■ Aim of the task ■
Pictures must not appear in the copy. Restate exactly the lines below from the one with "欧米人風あだ名 | 『マイケルタクヤスロット』 |" through the one with "http://dx.doi.org/10.25673/90395| Title: |", inclusive.

■ The input ■

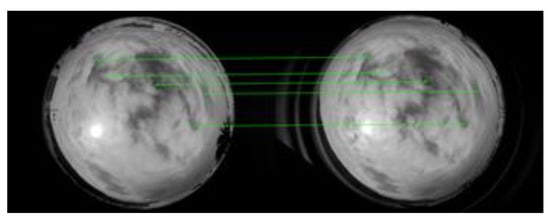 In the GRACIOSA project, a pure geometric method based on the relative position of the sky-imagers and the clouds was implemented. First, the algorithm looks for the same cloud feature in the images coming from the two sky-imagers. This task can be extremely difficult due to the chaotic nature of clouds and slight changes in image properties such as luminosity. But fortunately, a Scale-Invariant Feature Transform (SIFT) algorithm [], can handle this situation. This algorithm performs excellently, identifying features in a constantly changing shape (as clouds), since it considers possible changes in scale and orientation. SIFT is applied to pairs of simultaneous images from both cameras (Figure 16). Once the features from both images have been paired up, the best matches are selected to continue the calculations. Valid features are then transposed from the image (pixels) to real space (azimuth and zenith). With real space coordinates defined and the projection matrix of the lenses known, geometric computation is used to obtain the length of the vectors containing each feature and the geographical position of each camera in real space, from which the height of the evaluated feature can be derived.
...
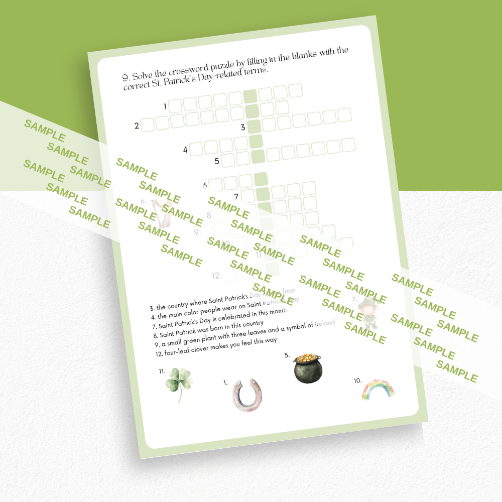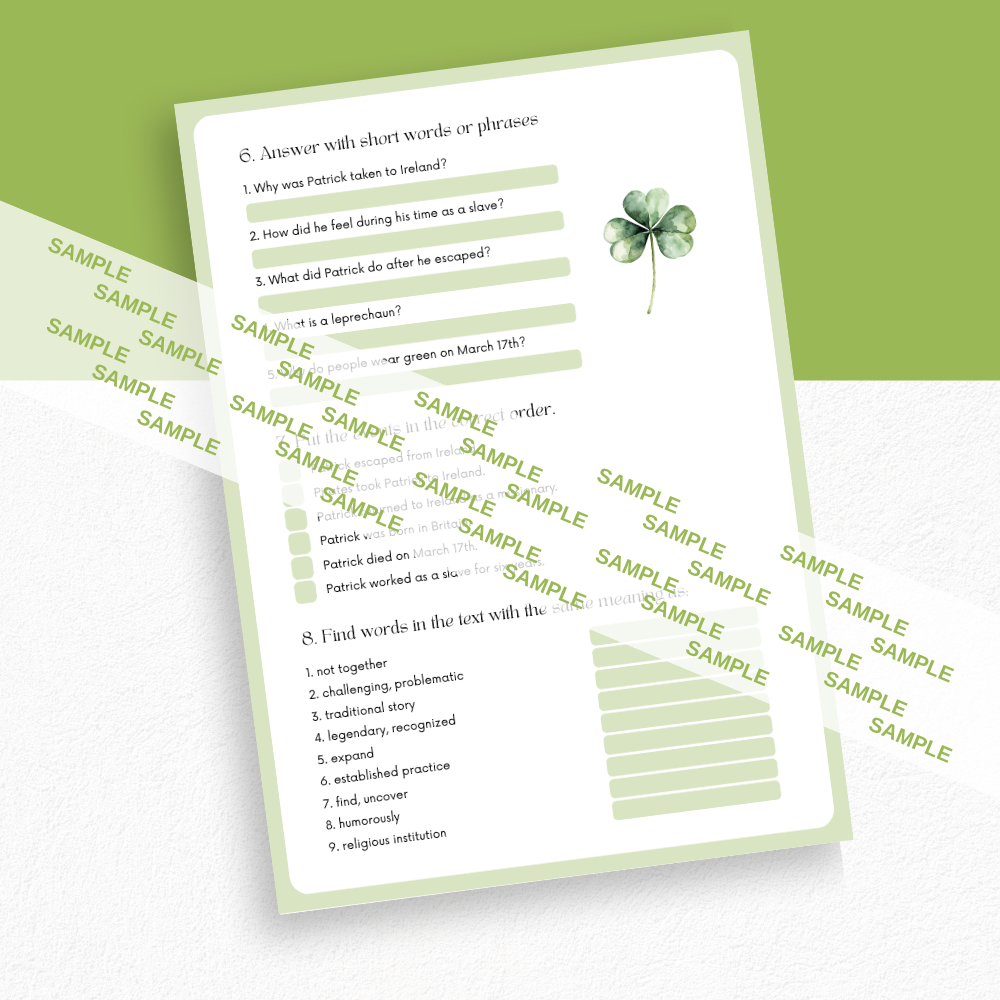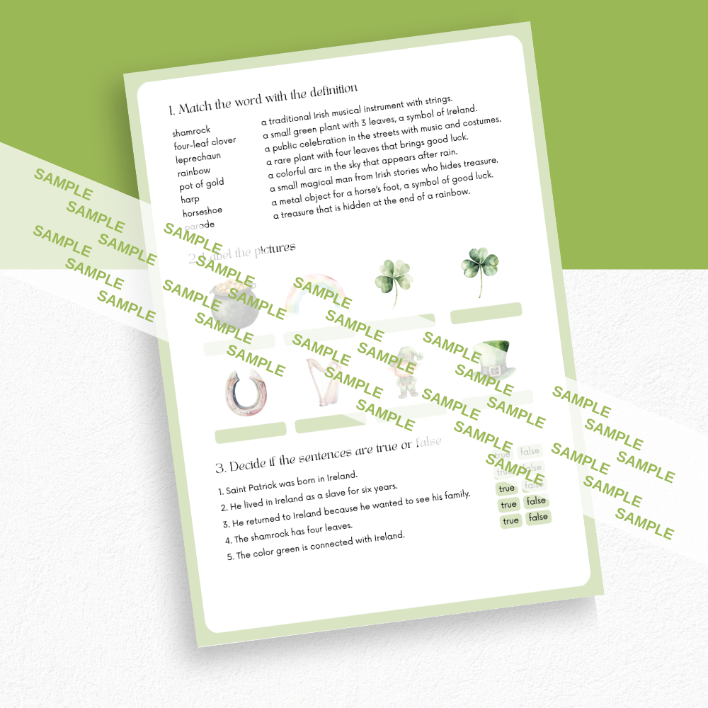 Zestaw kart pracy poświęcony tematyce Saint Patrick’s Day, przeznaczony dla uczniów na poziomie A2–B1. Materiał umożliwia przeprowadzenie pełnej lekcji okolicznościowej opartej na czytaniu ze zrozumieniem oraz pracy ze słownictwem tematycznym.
...
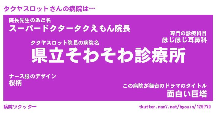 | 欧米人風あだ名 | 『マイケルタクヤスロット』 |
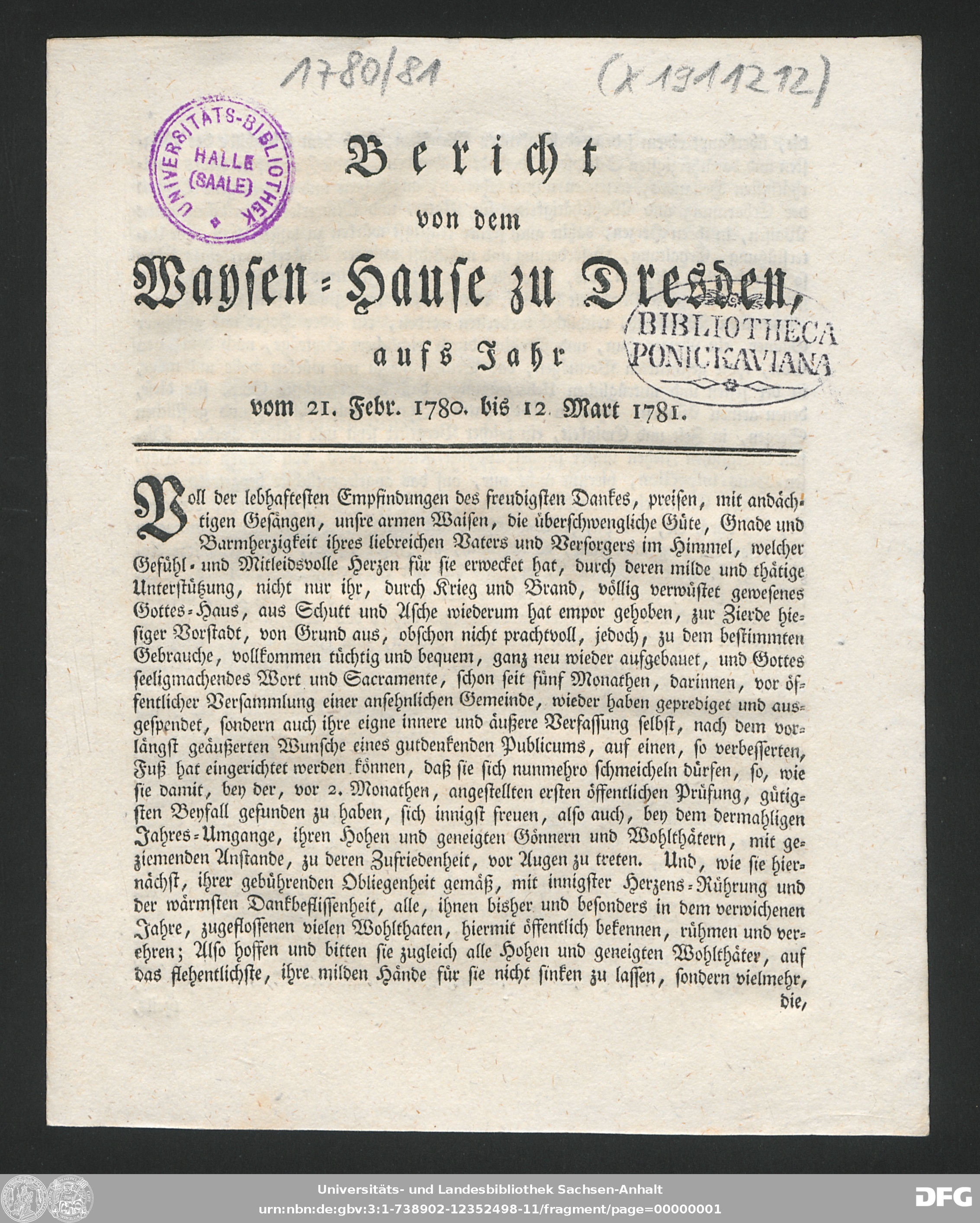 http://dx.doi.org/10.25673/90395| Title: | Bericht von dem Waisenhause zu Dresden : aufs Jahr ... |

■ Response area ■
 | 欧米人風あだ名 | 『マイケルタクヤスロット』 |
 http://dx.doi.org/10.25673/90395| Title: | Bericht von dem Waisenhause zu Dresden : aufs Jahr ... |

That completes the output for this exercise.